As medicine and healthcare have become such crucial parts of our lives, a number of patient-advocacy groups have emerged. Such groups perform a number of roles, whether it’s promoting research or influencing government policy.
Their role is something I’ve explored previously, with an Australian study examining the role they play. The paper argues that patient advocacy groups are playing a growing role in the evolution of healthcare, both in promoting interventions and shaping the public debate. Alas however, they argue that relatively little is known about the commercial entities that support and influence these groups.
A new study, led by researchers from the University of Pennsylvania, set out to explore the impartiality of such groups and came to a similar conclusion. It suggests that they need to be more transparent, as many have undisclosed connections to the pharmaceutical industry.
“Our findings provide support for a new ‘sunshine’ law to oblige drug, device, and biotechnology companies to report the payments they make to patient organizations in the same way the must report payment to physicians and teaching hospitals,” the authors say. “Greater transparency would allow citizens, researchers, policymakers, and others to assess conflicts of interest of patient-advocacy organizations in a way that is not currently possible, and would make it easier for patient-advocacy organizations that accept little or no industry support to differentiate themselves from those that are heavily dependent on such support.”
A lack of transparency
The research saw over 100 patient advocacy groups examined via a combination of their websites and annual reports. The researchers were especially looking for the level of industry funding such groups received. Interestingly, the vast majority of advocacy groups received financial support from industry, with over 80% reporting this via their literature. Indeed, just one of the groups studied explicitly stated that they didn’t accept funding from industry.

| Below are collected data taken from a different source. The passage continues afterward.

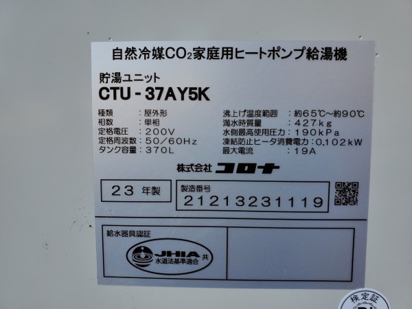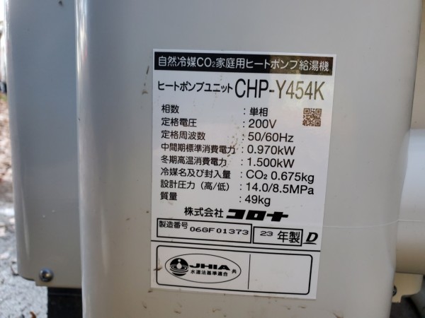 福井市今泉町 コロナ自然冷媒CO2家庭用ヒートポンプ給湯機ヒートポンプユニットCHP-Y454K、貯湯ユニットCTU-37AY5K エコキュート交換工事
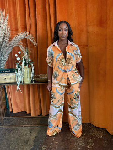 Product Description: The Solar Muse Pants Set channels effortless resort elegance with a vibrant twist. Crafted from silky, lightweight fabric, this two-piece ensemble features a short-sleeve button-down top paired with wide-leg pants for a breezy, coordinated look. The radiant sun and seashell motifs add celestial charm, while the bold orange base makes a confident style statement. With its luxurious drape and relaxed silhouette, this set transitions seamlessly from sunny days to moonlit evenings. Wear it together or mix and match for versatile, vacation-ready styling.
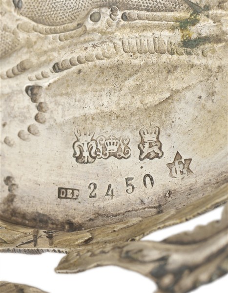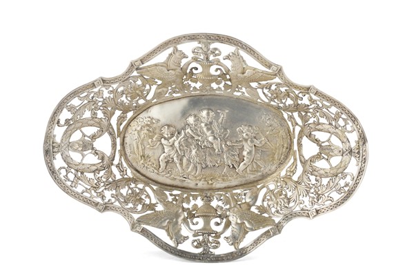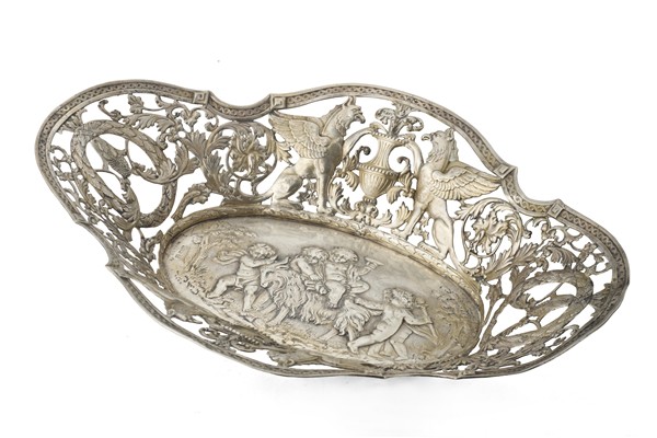 Cesto in argento con bordura traforata, incisa e sbalzata a grifoni, vasi e volute, cavetto decorato con baccanale. Centro Europa, inizio secolo XX (g 420) (cm 36,5x7,5x26) (difetti)

The figures are not insignificant either, with 39% of groups receiving over $1 million per year. What’s more, the influence was not limited to finance, with over 1/3 of the groups having board members from industry, with 12 of the groups having industry executives in a leadership role.
Despite this apparent conflict of interest, just 12 of the groups had clearly published policies addressing this potential risk.
“What we’re seeing is that institutional conflicts of interest are the norm among larger patient-advocacy organizations, and that disclosure and management of these conflicts is limited,” the authors say.
They argue that this lack of transparency harms their objectivity, and therefore their effectiveness. They should have more rigorous disclosure practices, whether in terms of the money they receive, or any other connections to the industry.
There have been previous attempts to mandate such transparency, but to date there have been no laws drafted to ensure this in patient advocacy groups.